• PROBLEM REQUIREMENTS: From the line with "Tork Matic II" to the line with "Boston barbell score", output every line below exactly, both ends included. Skip the pictures.

• EXTRACTED DATA:
━━━━
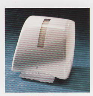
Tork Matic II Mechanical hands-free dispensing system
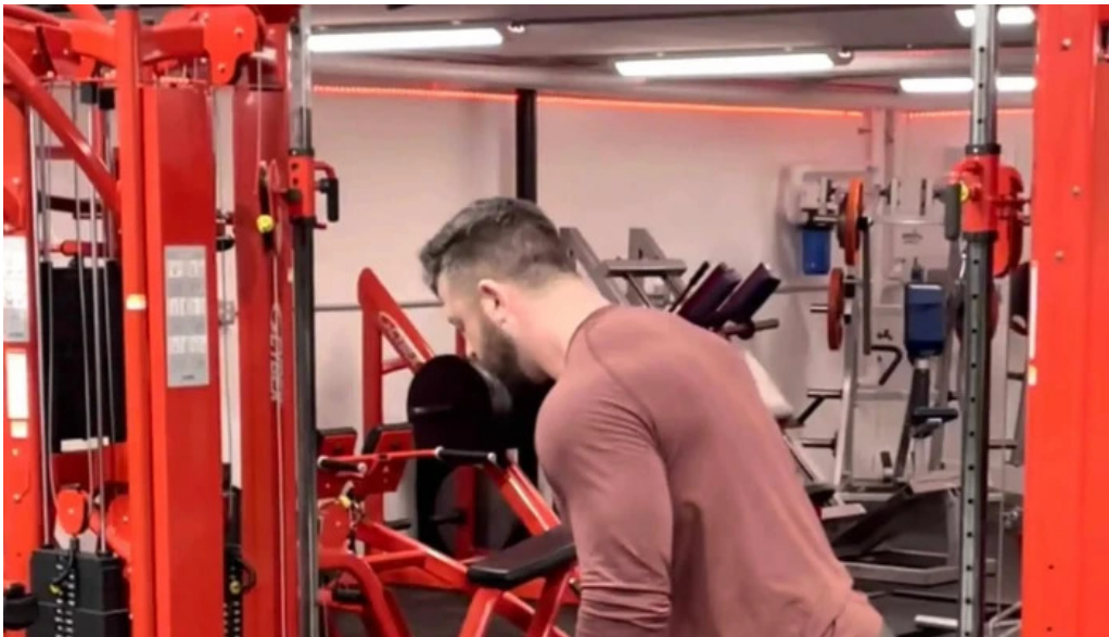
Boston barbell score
━━━━
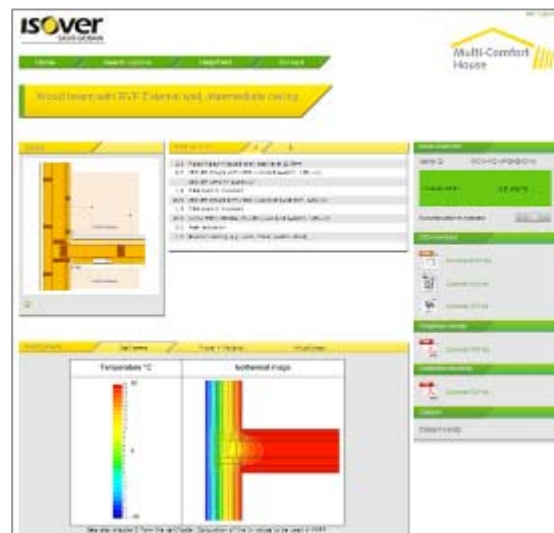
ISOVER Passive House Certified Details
━━━━
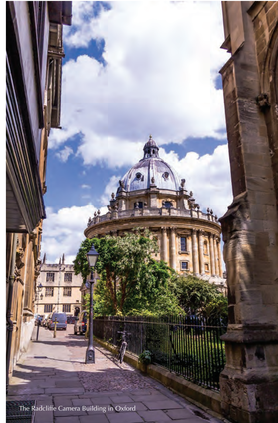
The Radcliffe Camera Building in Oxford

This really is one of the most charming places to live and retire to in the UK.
━━━━
• WRITTEN RESPONSE:
Tork Matic II Mechanical hands-free dispensing system
Boston barbell score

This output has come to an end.